MoLFI (Multi-objective Log message Format Identification) is a tool implementing a search-based approach to solve the problem of log message format identification. MoLFI uses an evolutionary approach based on NSGA-II to solve this problem.
MoLFI applies the following steps:
- Pre-processing the log file (detect trivial variable parts using domain knowledge).
- Run NSGA-II algorithm.
- Post-processing: apply corrections to the resulting solutions.

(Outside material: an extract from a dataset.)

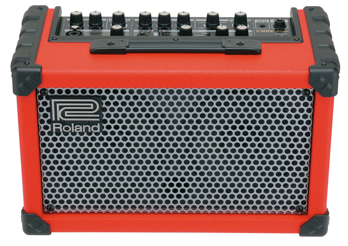 Roland CUBE-ST (Black) - гитарный комбо. Два высокоэффективных неодимовых динамика диаметром 16,5 см. Питание - от 6 батареек АА (максимум - 15 часов непрерывного использования) или от адаптера питания. Два канала: первый для гитары или другого инструмента второй - для микрофона или линейного сигнала. 2-полосный эквалайзер, задержка и реверберация для канала Mic/Line. Цвет - красный.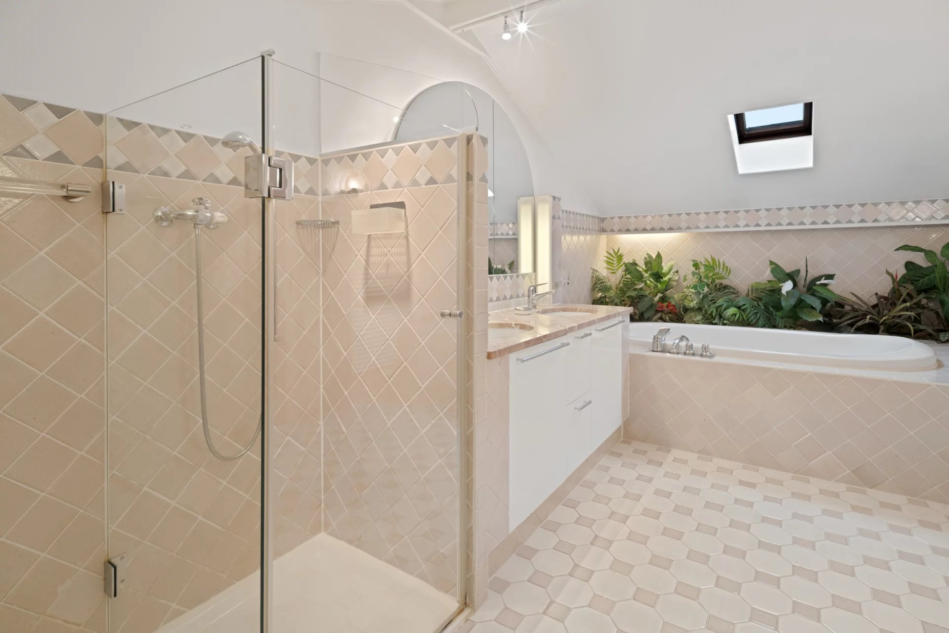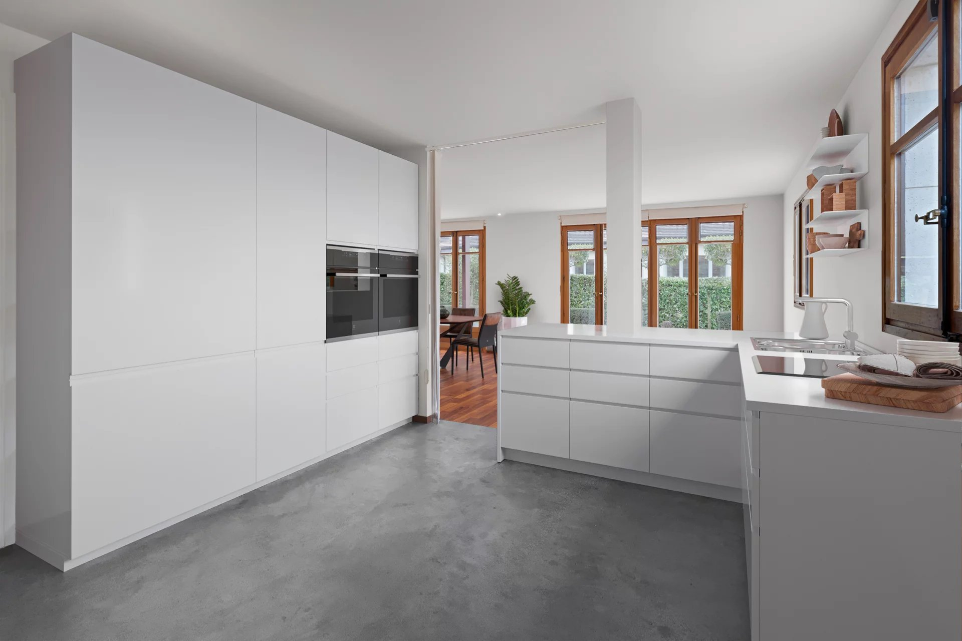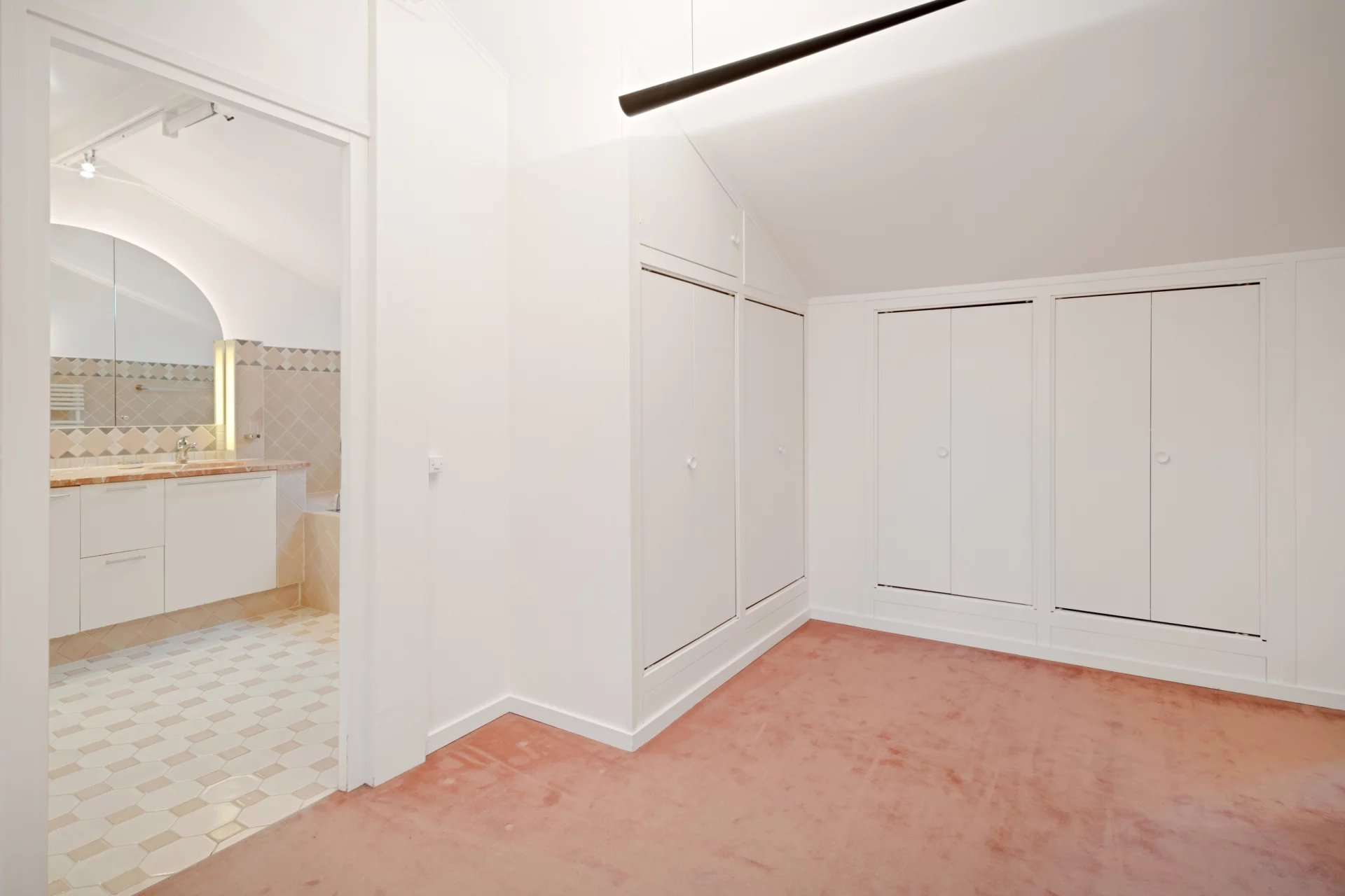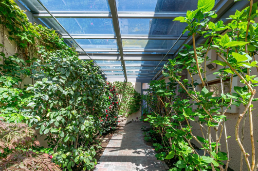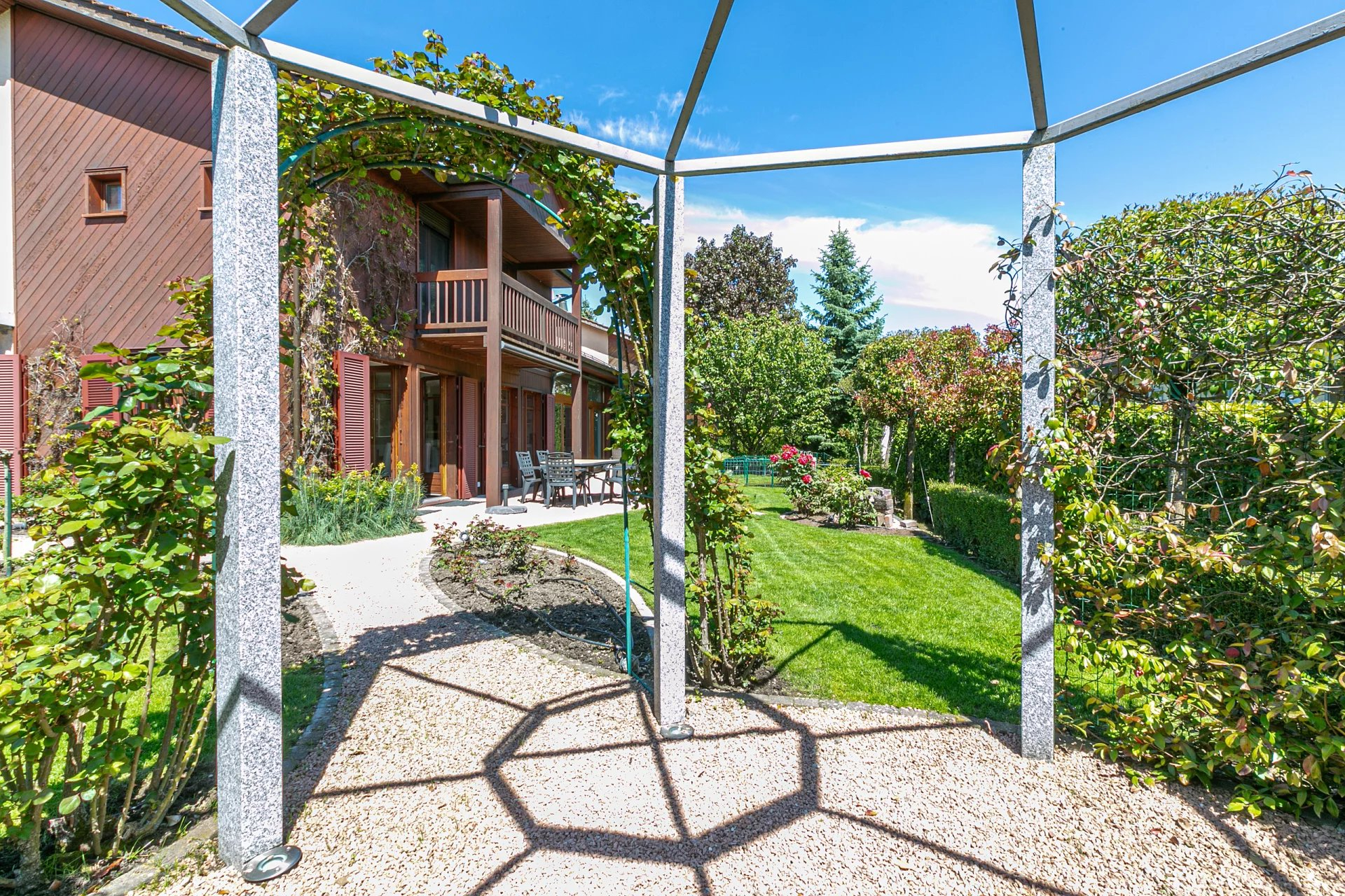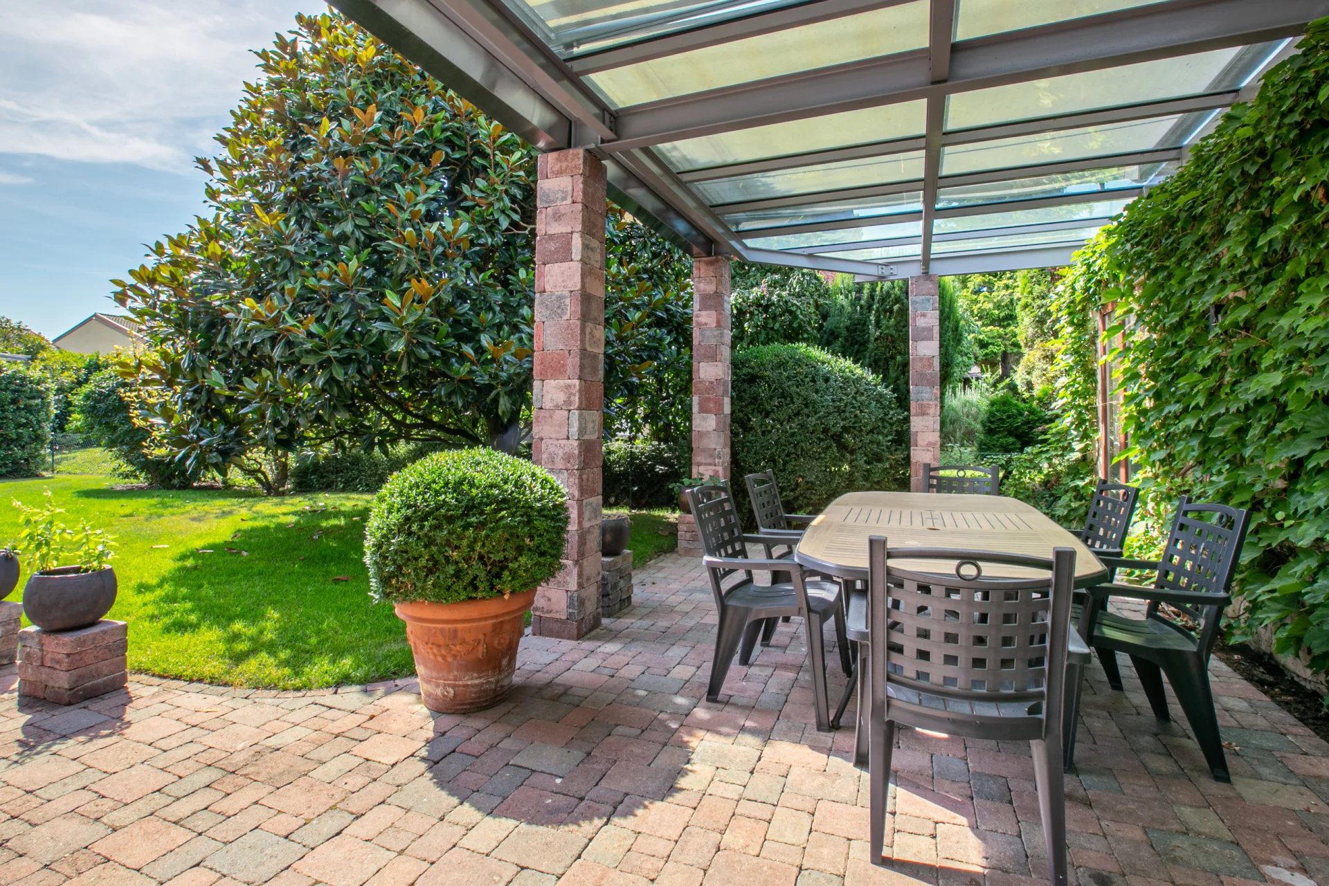 The living rooms have access to the covered terrace and the garden and on the kitchen side, on the extension of the entrance greenhouse, a superb space protected by the pergola with automatic blinds.

Read more information about MoLFI from the following paper:
- Salma Messaoudi, Annibale Panichella, Domenico Bianculli, Lionel Briand, and Raimondas Sasnauskas. A Search-based Approach for Accurate Identification of Log Message Formats, Proceedings of the 26th IEEE/ACM International Conference on Program Comprehension (ICPC), 2018.
The code has been tested in the following enviornment:
- python 3.7.6
- regex 2022.3.2
- pandas 1.0.1
- numpy 1.18.1
- scipy 1.4.1
- deap 1.4.1
Run the following script to start the demo:
python demo.py
Run the following script to execute the benchmark:
python benchmark.py
Running the benchmark script on Loghub_2k datasets, you could obtain the following results.
| Dataset | F1_measure | Accuracy |
|---|---|---|
| HDFS | 0.999984 | 0.9975 |
| Hadoop | 0.999339 | 0.952 |
| Spark | 0.512882 | 0.417 |
| Zookeeper | 0.998413 | 0.839 |
| BGL | 0.999554 | 0.96 |
| HPC | 0.977579 | 0.8115 |
| Thunderbird | 0.998597 | 0.6435 |
| Windows | 0.912146 | 0.4055 |
| Linux | 0.722888 | 0.288 |
| Android | 0.853959 | 0.6275 |
| HealthApp | 0.782073 | 0.3205 |
| Apache | 1 | 1 |
| Proxifier | 0.742606 | 0 |
| OpenSSH | 0.99759 | 0.54 |
| OpenStack | 0.726798 | 0.213 |
| Mac | 0.932086 | 0.6235 |
🔭 If you use our logparser tools or benchmarking results in your publication, please kindly cite the following papers.
- [ICSE'19] Jieming Zhu, Shilin He, Jinyang Liu, Pinjia He, Qi Xie, Zibin Zheng, Michael R. Lyu. Tools and Benchmarks for Automated Log Parsing. International Conference on Software Engineering (ICSE), 2019.
- [DSN'16] Pinjia He, Jieming Zhu, Shilin He, Jian Li, Michael R. Lyu. An Evaluation Study on Log Parsing and Its Use in Log Mining. IEEE/IFIP International Conference on Dependable Systems and Networks (DSN), 2016.